Building a prosperous and inclusive economy for Memphis that is globally competitive is not possible without investing in the people who power it, by ensuring everyone has the foundations and supports to attain high quality jobs to support their families. A strong economy also requires a business sector that is growing and diversifying into emerging industries, as well as a robust ecosystem to support entrepreneurs, especially Black-owned businesses.
There have been recent significant economic development milestones achieved in the Memphis region, including record-setting job growth and the recruitment of the Blue Oval plant and ancillary businesses to West Tennessee. But by many measures, including industry diversity, educational attainment, and household income, Memphis ranks below many of its peer cities and there is more work to be done toward building economic inclusion and specifically, connecting workers to economic opportunities.
JW Gibson is a lifelong entrepreneur. Beginning in 1991, he began building the Gibson Companies, with a goal of supporting community growth by strengthening major industries. Today, Gibson Companies now includes multiple entities and is a leader in the healthcare, real estate, and digital printing industries. This unique experience as a job creator and business owner – as well as his involvement in local economic development organizations – has given him direct knowledge of and experience in the local economic development ecosystem.

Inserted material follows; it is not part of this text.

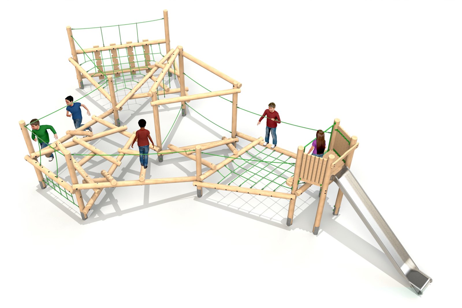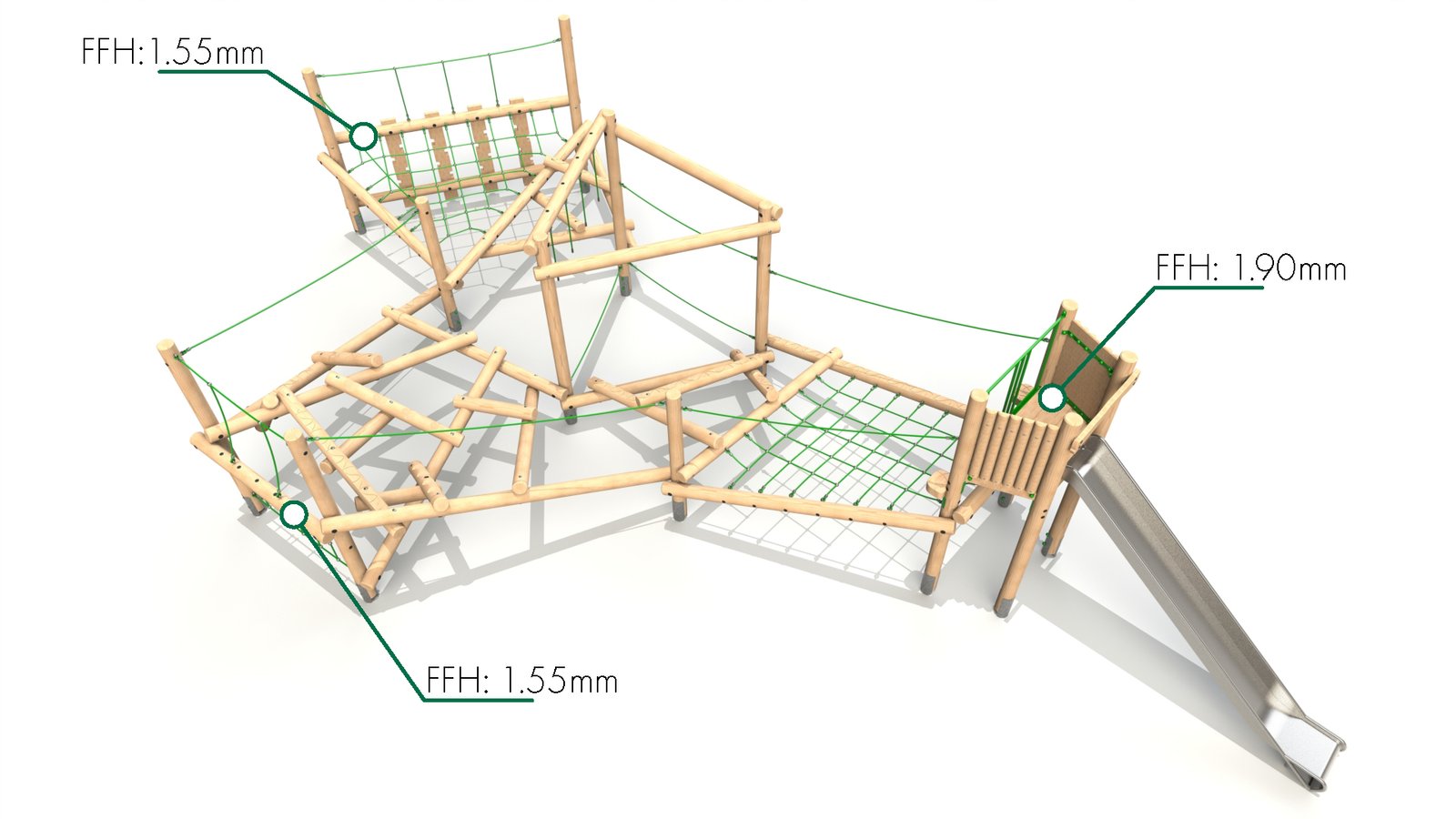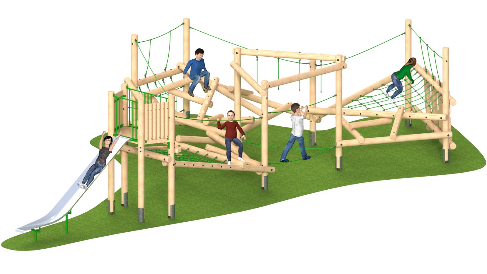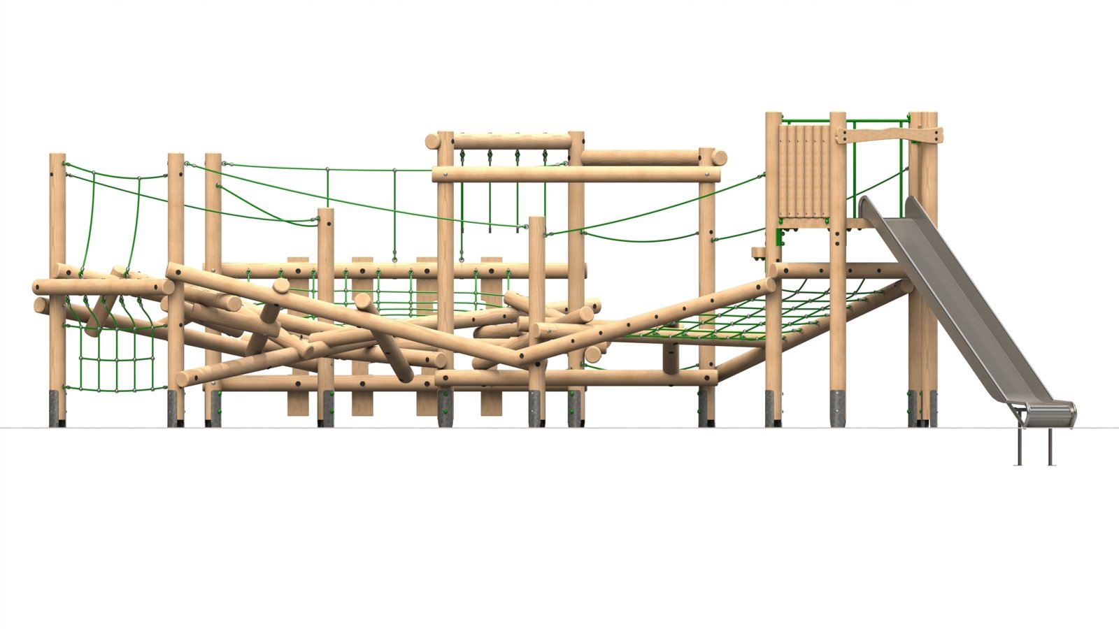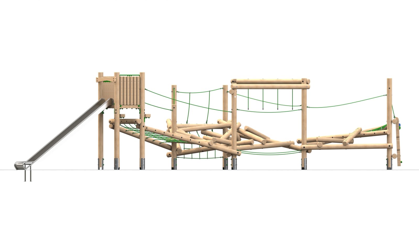 • Support Ropes: The support ropes offer added stability and security for children as they navigate the more challenging parts of the structure, particularly the balance beams and scramble logs. The ropes also allow children to challenge themselves further, whether for balance or for climbing.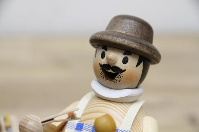 胴体と足の部分が分解できる仕組みになっていて、コーン型のお香を置いて焚くと、おじさんの口からゆっくりと煙が出てくる、ドイツの伝統的な木製のお人形です。全てのパーツは熟練の職人によって一つ一つ丁寧に作られています。専用のBOXも付属しており、ご自分や家族、友人などの職業に合わせてのギフトもオススメです。

JW believes that local economic efforts require active involvement from City Hall, greater collaboration between Memphis and Shelby County, and increased emphasis on minority economic empowerment through high quality jobs and entrepreneurship. Policy change and advocacy at the state and regional levels will also be essential to ensure that our government and economic development partners understand our plans and are working to support them.
“Reliable, safe, and consistent access to jobs, schools, and broadband internet should be the standard of living for our citizens."
- JW Gibson
Here is a partial list of JW Gibson’s economic development priorities:
Grow the local economy by building on our new and legacy assets
Aggressively support the diversification of the local economy by recruiting business in industries such as advanced manufacturing and medical devices, which offer higher-wage jobs.
Work with partners to recruit companies who can use Memphis’ high concentration of Black tech talent to meet their corporate diversity goals.
Leverage Memphis’ unique transportation assets - road, rail, river, and runway - to continue growth in the logistics sector.
Support the implementation of the Memphis Chamber’s Prosper 2030 plan, which aims to build “prosperity for all” by creating inclusive jobs, attracting diverse industries, and building pathways for future-ready talent.
Work with Shelby County government and other stakeholders to examine if the local economic development infrastructure (Chamber, EDGE, Port Authority, etc.) could be better aligned, coordinated, and efficient.
Engage stakeholders around a regional economic development strategy that would market the tri-state area, pursue joint projects, and collaborate on issues of shared interest such as infrastructure, and air and water quality – building on existing and past efforts.
Provide greater opportunities for African American workers and business owners.
Support the growing Black technology sector, by attracting and growing talent, and investing in Black tech startups and innovators.
Increase minority business’s share of the local government spending by restructuring procurement policies and certification requirements, and increasing access to RFPs and other opportunities
Build capacity of minority businesses by streamlining the government and nonprofit systems that support them, including increased collaboration between Memphis and Shelby County.
Support the Buy Memphis Initiative, which encourages corporations to increase their spending in Memphis, especially with minority-owned businesses.
Build a workforce to meet the needs of the 21st century
Engage City government more directly in the workforce development infrastructure – where it historically has not been well-represented – through investment, leadership, and alignment of services to support workforce goals.
Provide City support to a pilot accelerated certification training center, which will prepare adult learners for STEM careers much faster than through traditional routes (e.g. community colleges) – supported with evening and weekend classes, day care, transportation assistance and career services. If successful, build a network of centers to increase access to training at the neighborhood level.
Support programs that give high schools students direct pathways into technical careers through training and certifications.
Work with partners to expand programs serving “opportunity youth” (16-24 and neither employed or in school) and job readiness/career planning to younger ages.
Promote City investment in innovative workforce development programs that will prepare workers for the demands of the 4th Industrial Revolution, in fields such as artificial intelligence and robotics.